Unlike many others I’m assuming, I actually feel bad ignoring these types of emails that come from real people, and not some automated email system. Everyone goes to a job every day to support their lives and that email is a part of what they do, so would it really hurt to just simply respond to them? Even if it’s just a one liner? Of course not.

If they are trying to sell you something, that’s fine, you don’t have to comply, but a courteous response simply acknowledging the email could go a long way and will probably mean more to them than trying to generate a lead anyway.

Anytime I’ve taken the time to respond, I’ve always gotten a polite response back with so much gratitude for just responding – because it just doesn’t happen that often in this world of constant mail jail. Another benefit is that this interaction could potentially help expand your professional network. I’ve gained at least a few valuable contacts through the simple act of replying to these cold emails and making that human connection. Imagine what you might be missing out on if you simply just hit ‘delete’.

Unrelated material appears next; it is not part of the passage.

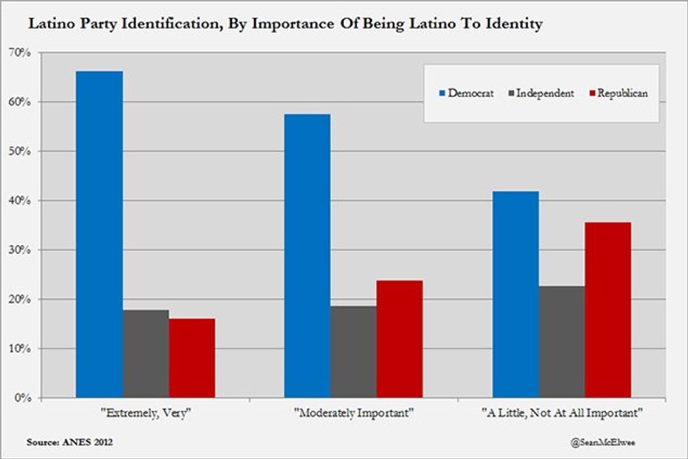 One hypothesis I’ve been considering in the wake of the initial piece with Schaffner and Rhodes is that Latino identity simply isn’t as salient as black identity. Using the American National Election Studies (ANES) 2012 survey, I find that 72 percent of African-Americans say their race is “extremely” or “very” important, compared with 32 percent of whites and 56 percent of Latinos. I find that 66 percent of Latinos who say their identity is “extremely” or “very” important are Democrats (and 16 percent Republicans), while 42 percent of those who say it is “a little” or “not at all important” are Democrats, and 36 percent are Republicans. Research on Asian-Americans has shown that racism can lead people of color who are otherwise sympathetic to Republican positions to support Democrats. The increasing salience of race in this election, and in American politics, may lead even wealthy women and people of color to eschew the Republican Party.

The same idea can be applied to when you’re on the phone with an agent regarding your bill and at the end of the call they have their 5 minute spiel on a special offering. Again, Bob, the agent isn’t trying to annoy you, he’s just doing his job, so instead of cutting him off and ending the call abruptly, maybe consider allowing them to simply finish and then politely decline the offering – or you may surprise yourself and actually want to ponder whatever it is they might be sharing. The point is, don’t hit the brakes without experiencing the ride.

So just some food for thought the next time you are pondering just trashing that note about offering Brita water services to your office or the memo from Sue Smith asking if you require any assistance after having downloaded a white paper. The simple act of just replying can go a long way.

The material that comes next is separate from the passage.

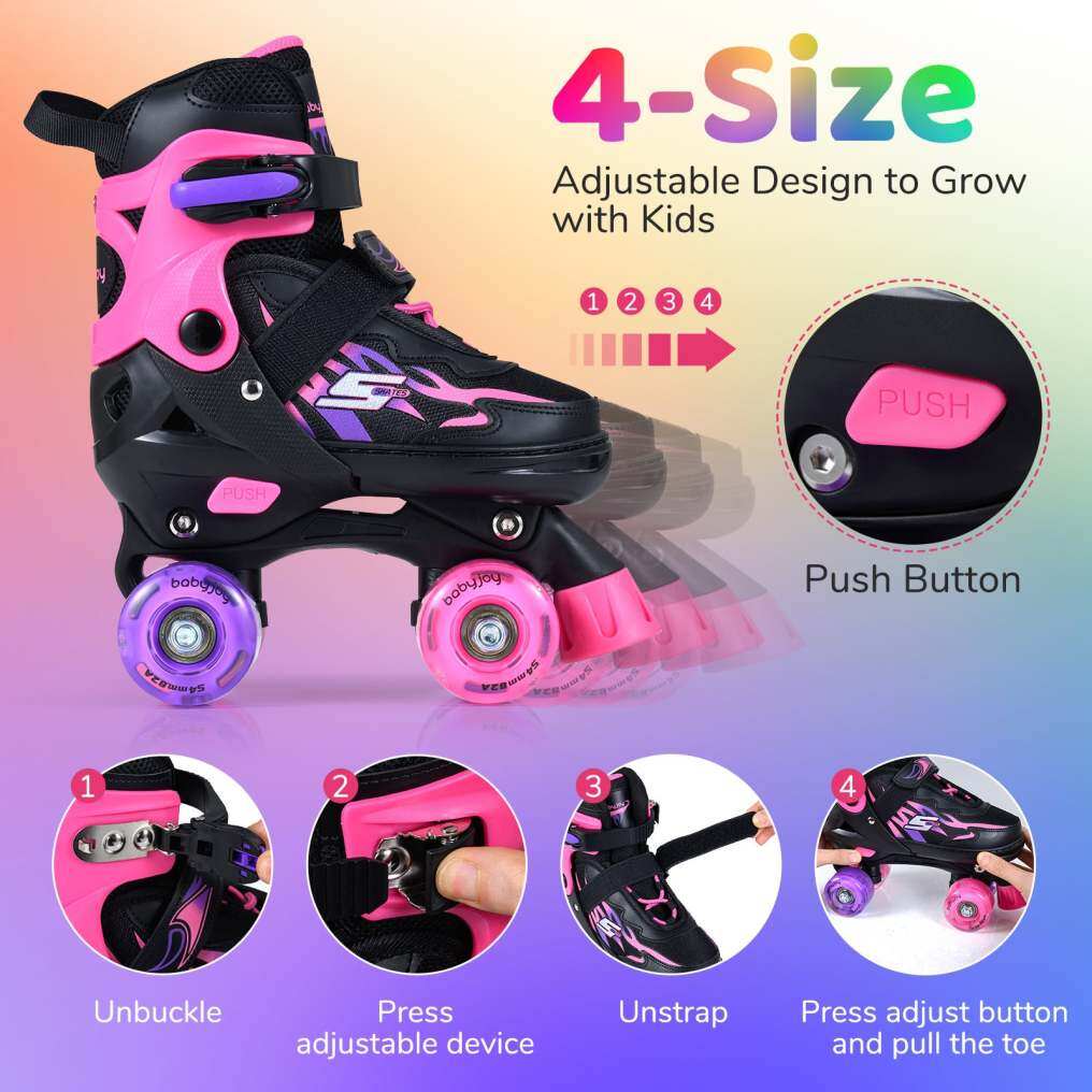 ● Adjustable Sizing for Growing Kids: Engineered to grow with your child, these skates feature a convenient one-button adjustment system. With a simple press, they smoothly expand across 4 sizes, ensuring a consistently secure and comfortable fit for kids ages 5-7.

The image in this post can be found here.

11 thoughts on “Think Twice Before Hitting Delete

  1. Well said. Emails, phone call from banks offering a certain free for life credit card, etc. We often call these things annoyances, and whenever we receive such, we are quick to dismiss them; often forgetting that the person is trying to make a living as much as you are.

    However I’ve been on the line with a really persistent sales person – demanding that I do whatever he/she said immediately. I can’t stand really pushy people.

    1. Thank you for your comments and yes of course you should only respond and interact at your discretion. Phone calls are similar in that depending on the situation, we should at least humour the agent while they give their spiel on whatever they are trying to sell, because we know it’s not them, it’s part of their job and then just politely decline if not interested. It’s not easy doing customer service and when you put the brakes on that upfront, it probably just dampens that person’s day and it’s just better to not add to that. 🙂

      1. Well Sarah, for some reason I started getting phone calls from a trading company advertising Forex trading. The sales person sounded like an African, calling from a Bulgarian phone number.
        Now the only reason I entertained the call was because in my job, crew members call me from various parts of the world. I thought it was an emergency.
        The sales person was friendly at first and I listened to her pitch. Then I politely declined. She then became really pushy. She demanded that I login on my computer and look at a website. She wasn’t going to take, “I’m sorry I’m not interested” as an answer.
        After a few minutes of repeating the same line over and over again to her, I had enough and told her, “Make Me!”
        That ended it for that day.
        Of course this wasn’t the end of the story. Others called from the same site. Again being polite, listened, declined. Each one was more determined than the one before. And to top it off, they were all calling from different branches of the company.. numbers from U.K., Russia, Bulgaria… never ceased. When I declined one person, 2 minutes later, another one. Relentless to the point that looked like harassment.
        Till one point, I answered the phone and gave them a bit of boot full.
        I answered and before the person online could say anything, I said, “I’m sorry you are in this crappy position that you asked to continuously harass someone who really is not interested in whatever you have to offer. I have heard 20 of your colleagues tell me about your site and your system, I have seen your site (researched previously) and I am still not interested. There is nothing you can say or do to convince me. Therefore I request that you leave me alone or I’m filing harassment charges.”

        Never got a call again.

      2. Thank you for your comments! Yes I agree, it can become quite unnerving at times if you do entertain a call – that’s why it’s really your own judgement call. Sometimes kindness unfortunately gets taken advantage of to the point of harassment and then you have no choice but to be stern and firm with them so that they give you the respect of honouring your wishes.